What do you think? motor go kaboom


----------



## herkboysSLC (Apr 30, 2007)

*Re: (jeffs vw)*

you will never know.. I have a 58mm pulley on my mk2 gti with arp rods, wiseco pistons and head studs... it runs ok.. alot more power than my 65mm was... only problem is it craps out after 3500 for some reason... havent figured out why yet... its behind me now and I am trying a new map sensor to see if it is maybe a bad one??? I guess I will find out and post up.. wanted to see if anyone had any flat spots or studdering when they hit 18psi... I am running a sns chip now. dont know what stage but it says "bilal" hand written on it? I also have a sport auto tech cam in it... Think it is the 268 and a 3.5bar fpr... car pulls insane but I can't hammer on it.... sometimes it sounds like its skipping when I back off after boost but thats what I am also hoping to fix by changing the sensor. I also put a lower temp thermostat in it trying to get ahead of the game here.


----------



## jeffs vw (Apr 29, 2007)

*Re: (herkboysSLC)*

Im running the 68mm pulley with the 3.5 fpr now and 100 octane and im hitting about 15 to 16psi and im floored and have no problem. Herkboys SLC what i suggest you do is change that fpr and get an adjustable one. along with 30lbs injectors. or better yet just get the whole bbm stage 4 kit except lose the cam cause ou already have one. with that being said tell me if that works out. http://****************.com/smile/emthup.gif but i need to find someone that has done this set up as to what im asking as far as the fuel pump in a 91 working with 3.5 fpr stag 3 chip and 62mm pulley? just dont want it to go bang







going to the track on friday


_Modified by jeffs vw at 10:43 PM 9-9-2009_


----------



## G60 Carat (May 14, 2004)

herkboysSLC. 

Was you 92 GTi an 8v or 16v? If your guys Digi 8v's then do not run that stock pump. You going to lean out and break things. G60's require twice as much fuel (or more) and at a higher pressure. as high as 5 BAR fuel pressure (3BAR Stock vs 3.5 BAR+boost pressure G60) 
The CIS MKII set up are just fine though.
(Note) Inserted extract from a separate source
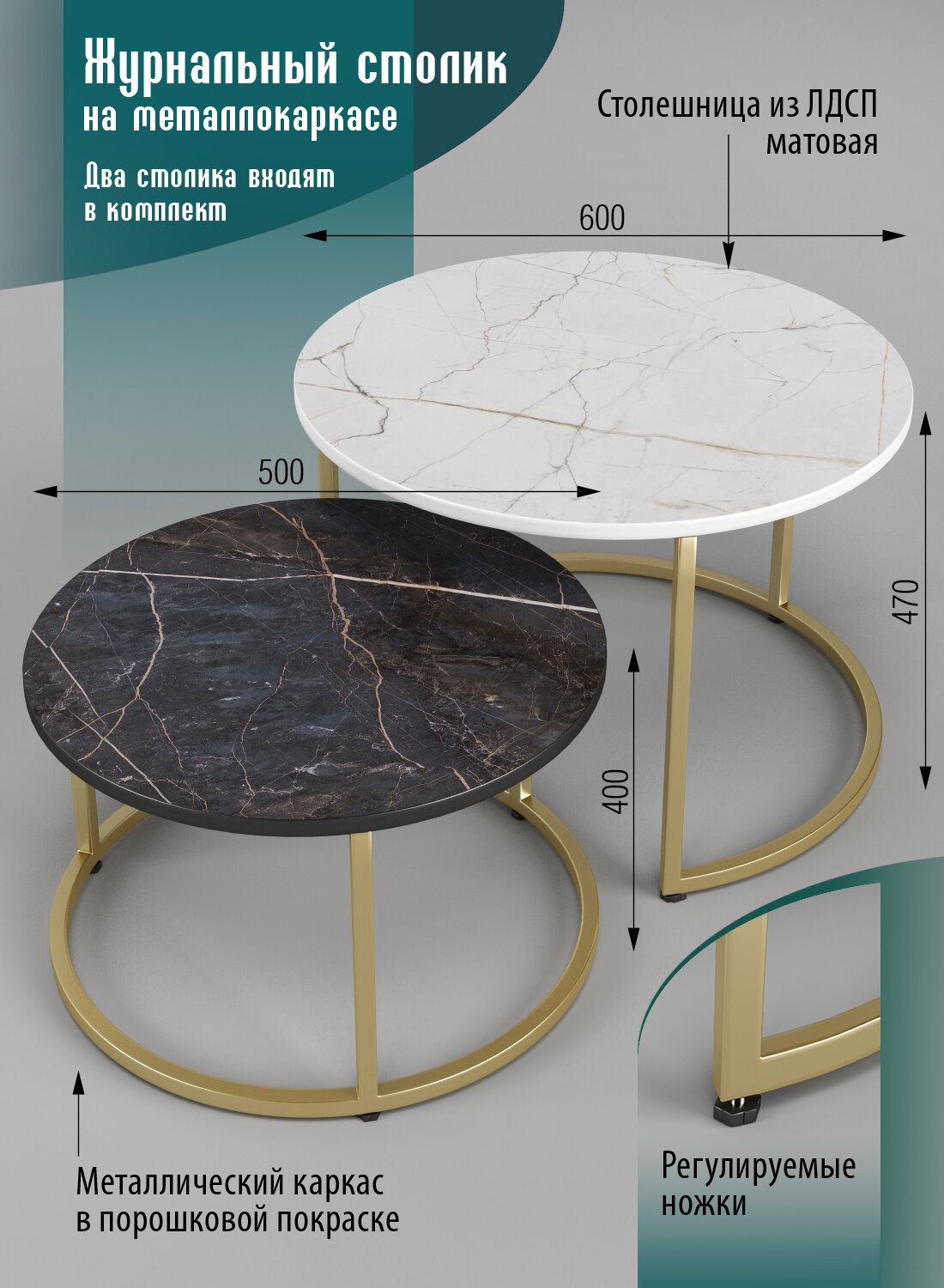 Комплект журнальных столов 2 шт. Разборные. Белый мрамор, черный мрамор/золото информация:

_Modified by G60 Carat at 12:02 AM 3-6-2010_


----------



## jeffs vw (Apr 29, 2007)

*Re: (G60 Carat)*

How would i know if i have that pump? single and is that in the gas tank?


----------



## herkboysSLC (Apr 30, 2007)

*Re: (G60 Carat)*


_Quote, originally posted by *G60 Carat* »_herkboysSLC. 

Was you 92 GTi an 8v or 16v? Single pump or dual pump? If your guys Digi 8v's were the single in-tank pump system, then do not run that stock pump. You going to lean out and break things. G60's require twice as much fuel (or more) and at a higher pressure. as high as 5 BAR fuel pressure (3BAR Stock vs 3.5 BAR+boost pressure G60) 
The 2 pump MKII set ups (in tank lift pump & external main pump) are just fine though.

I am running a 16v cis fuel pump with the in tank assist... the pressure sensor actually made it run a little worse...
jeffs vw; Your car will have a box underneath the car on the passenger side right in front of your rear beam. it will be black with wires and hoses haha.. If you have that then you have the digi fuel pump. I am not sure of any g2's that didnt have that style pump but I could be wrong. I been working on these a long time and they still have curveballs. You will run better and have lot more torque If you upgrade to the 16v pump. also it seems to let the g60 idle better...


----------



## G60 Carat (May 14, 2004)

Ok here's another way. Crawl under the car, look at the fuel pump. If it has a metal fitting on the end (banjo fitting) right on the pump, it's a high pressure CIS pump. 
If it has a barb off the pump, with just a hose slid over and clamped on, it's a Digi Pump.


Supposedly some late Digi MKII's used just a single pump system... (Ala MK3 style)


----------



## jeffs vw (Apr 29, 2007)

*Re: (G60 Carat)*

if i dont have any problems now running the 68mm pulley with the pump thats on it you think i will if i change the pulley again? i thought i would have ran into a problem the first time i changed the pulley?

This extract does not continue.